The Prime Minister and the Deputy Prime Minister have been involved in taking every opportunity to make these points, and not only to the United States. Yes, it is our biggest customer, but it is not our only customer. That is why it is important that we do this with all of the 30-some countries.

I met with the minister from Korea and other ministers. I met with the minister from Japan again a week and a half ago when the hon. member was present, not at the meeting, but in Cancun. I want to thank him for attending the WTO and for the support he gave our Canadian team on WTO issues. I met with the minister from Japan there again and I met with the minister from China. As I said, I met with the secretary from Mexico as well as the secretary to the United States. I met with all of these ministers.
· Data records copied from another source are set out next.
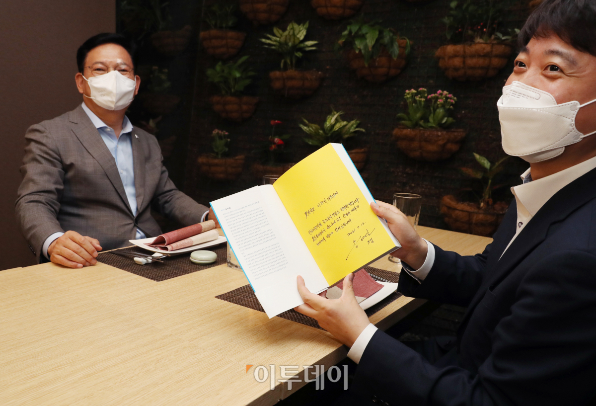 더불어민주당 송영길 대표와 국민의힘 이준석 대표가 12일 서울 여의도의 한 식당에서 만찬 회동을 하고 있다. 이 자리에서 송 대표의 저서 <룰을 지배하라>를 선물받은 이 대표가 송 대표의 메모를 보여주고 있다.
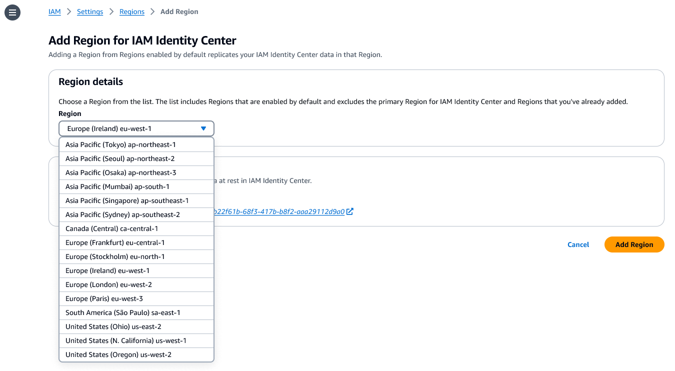 Choose Add Region. This starts the initial replication whose duration depends on the size of your Identity Center instance.
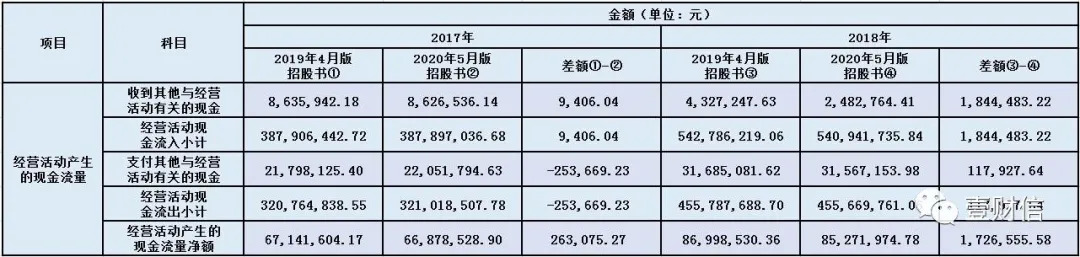2019年4月28日,大宏立向证监会报送了第一版招股书;时隔13个月后,又向证监会报送第二版招股书。两版招股书中2017年和2018年的数据多处出现调整,涉及合并资产负债表、合并利润表、现金流量表等多个方面,具体数据调整如下:
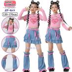 キラキラ ブルー キャミソール パンツ アームカバー レッグウォーマー キッズ ダンス衣装 セットアップ 上下セット 韓国 jazz おしゃれ 女の子 へそ出し Tシャツ
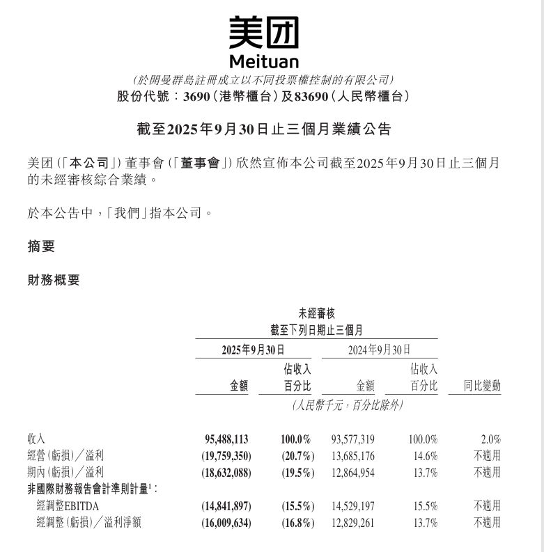 【电商】美团2025年度预亏233-243亿元,核心业务承压与战略投入成主因
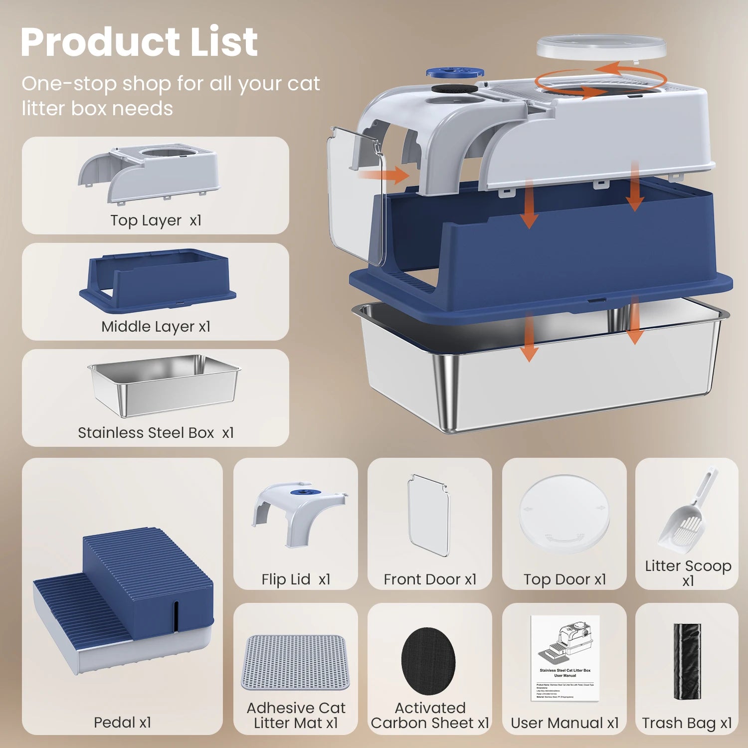 - 1.3-in-1 multifunctional design combines a stainless steel litter box, a double-layer step for litter storage and a trash bag holder, plus an anti-scatter mat to reduce litter tracking and a low entry for short-legged or elderly cats.

Another thing that helped was the announcement back in July by the Minister for International Trade and myself that all supplemental imports of non-NAFTA beef and veal will normally be refused. Certainly that creates a situation where any of our processors and further processors that were bringing in offshore beef above the WTO commitments through our tariff rate quotas will have more difficulties under normal circumstances.

To assist the producers, and I outlined this to the hon. member a minute ago, the government put up $560 million. Some people have said that the government did nothing. We made the announcement on May 20 when we confirmed the situation. I made the announcement with the minister in Alberta within two hours of having that confirmed.
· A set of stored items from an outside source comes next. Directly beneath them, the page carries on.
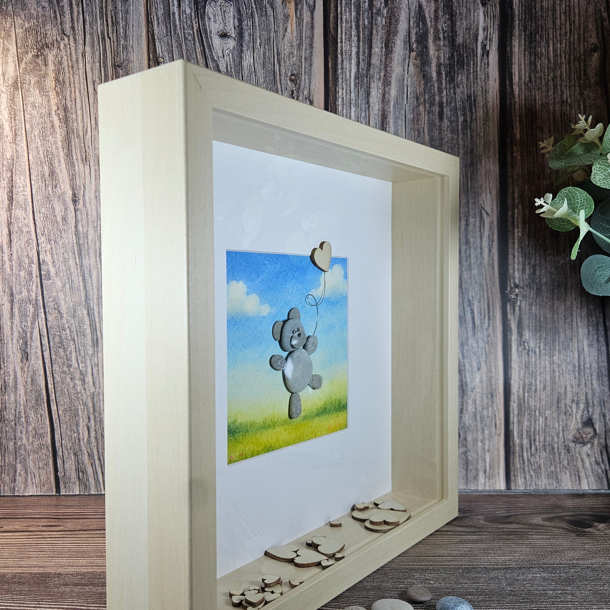Dans ce cadre vitrine profond, un petit ourson en galets s’élève vers le ciel, tenant un ballon en forme de cœur 🎈. À l’arrière-plan, des cœurs en bois décoratifs donnent de la profondeur à la scène, renforçant la douceur et la tendresse de cette création. Un tableau unique qui évoque l’amour, l’innocence et la joie enfantine. Le fond est imprimé sur un papier qualitatif de 180g.
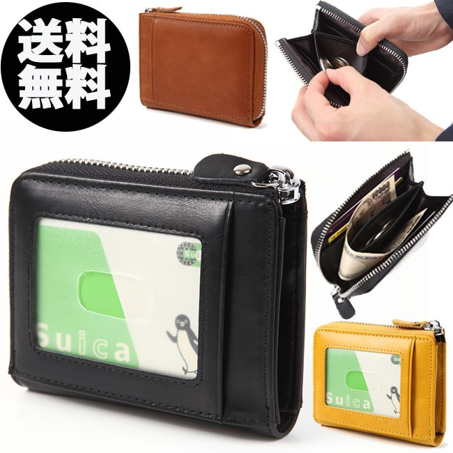 小さい財布 ミニ財布 パスケース付き 小銭入れ l字ファスナー 革 メンズ レディース 小さい 二つ折り
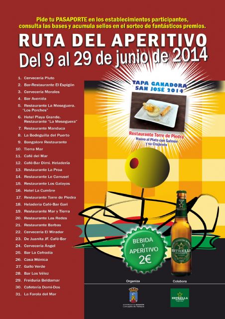 Del 9 al 29 de junio se celebra en la zona costera del municipio una nueva 'Ruta del Aperitivo' a semejanza de la celebrada en las pasadas fiestas de San José, la cual obtuvo un gran éxito de participación. Así lo dieron a conocer ayer el Alcalde de Mazarrón, Ginés Campillo, el concejal de Festejos, Isidro Coy, y el responsable del área, José Baltasar Navarro. 31 establecimientos participan en esta nueva ruta que seguirá manteniendo el precio de la tapa más bebida (cerveza, vino, refresco o agua) a 2 euros.
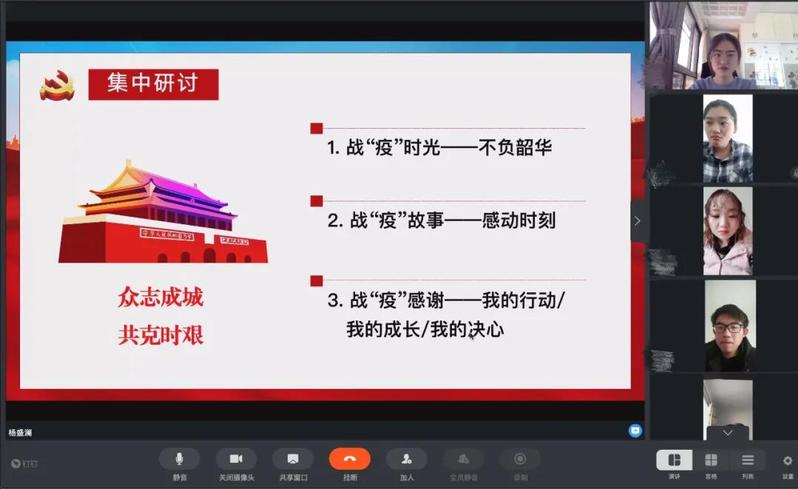 随后,支部成员围绕战“疫”时光——不负韶华、战“疫”故事——感动时刻和战“疫”感想——我的感悟三个方面进行了集中研讨,大家分享所见所闻,表达了自己的感想和感动。
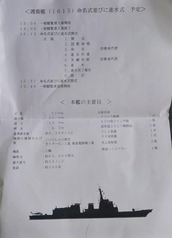 根据在社交媒体上流传的图片,自卫队在下水仪式的流程单上也公开了该舰的其他一些数据:
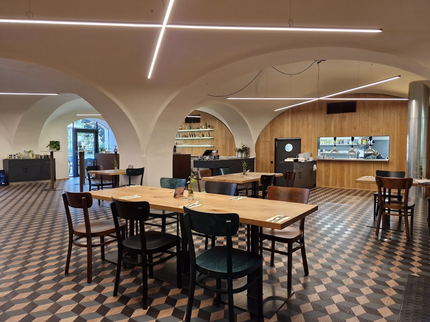 - Krásné umístění a design restaurace.
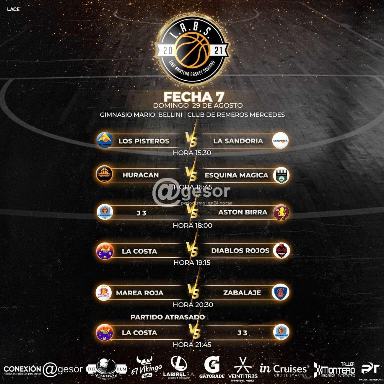 Este domingo se disputa la séptima fecha del torneo de la Liga Amateur de Basket que está entrando en el tramo definitorio del clasificatorio a la siguiente fase, recordamos que de los diez equipos pasan ocho a la próxima etapa del campeonato.
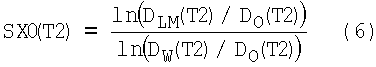 Второй подход для непосредственного определения количественных результатов из D-T2 карты применяет определение среднего логарифмического значения диффузии (DLM). При стандартном ОХФМР анализе необработанные данные аппроксимируются непосредственно, используя ограничения уравнений 1, 2 и 3. Подобные ограничения накладываются для других инверсий, независящих от модели, уровня техники. Альтернативный подход, раскрытый здесь, заключается в том, чтобы использовать сами карты в качестве входных данных для получения решения, которое пытается получить ОХФМР. Поскольку информация, содержащаяся в картах, по существу идентична таковой у исходных данных, должны быть сопоставимы два способа решения. Однако, на практике данных часто не хватает в информации диффузии, и, следовательно, D-T2 амплитуды различных флюидов размазываются по большим площадям карты (разрешение). Такая ситуация противоположна идеальной ситуации для применения способа указания и щелчка, в котором каждый артефакт флюида по существу является отделенным от других проявлений флюида. Тогда проблема состоит в повторном присвоении разброса амплитуды по оси диффузии флюидам различных пластов. Согласно указанному второму подходу, приблизительный способ выполнить это заключается в том, чтобы использовать геометрическое среднее значение скорости диффузии для каждого T2, обозначенное
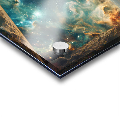 Printed to the edge - Ready to hang - provided with 4 premium polished aluminum stand off ( wall screws and mounting hardware provided )
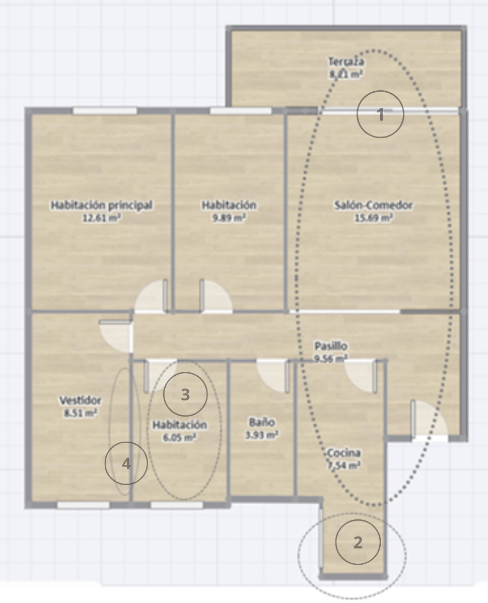 La estructura de la vivienda nos dejó ver claramente que el punto fuerte era conectar entrada, cocina, salón-comedor y terraza. Estas son las acciones que se acordaron para esta reforma integral:

Those individuals are saying that 312 million federal dollars and the support of the province that raised it to $520 million was insignificant. In the eyes of many Canadians, I do not think $520 million was insignificant. Is there financial stress in the industry? We recognize that, but that program kept the market open and kept it moving. It moved us up to 73,000 animals a week.

While we continue to work on opening the borders, we are looking ahead to begin pooling the money that is available. There is--

SupplyGovernment Orders

10:55 a.m.

The Deputy Speaker

Order, please. The hon. member for Huron--Bruce on a point of order.

Committees of the HouseRoutine Proceedings

10:55 a.m.

Liberal

Paul Steckle Liberal Huron—Bruce, ON

Mr. Speaker, I want to thank you for allowing me to raise this matter. Discussions have taken place among all parties and I believe that you would find unanimous consent for the following motion. I move that the 45th report of the Standing Committee on Procedure and House Affairs concerning the membership of committees tabled earlier today be deemed concurred in at 2:00 p.m. on Thursday, September 25, 2003.

Committees of the HouseRoutine Proceedings

10:55 a.m.

The Deputy Speaker

The House has heard the terms of the motion. Is it the pleasure of the House to adopt the motion?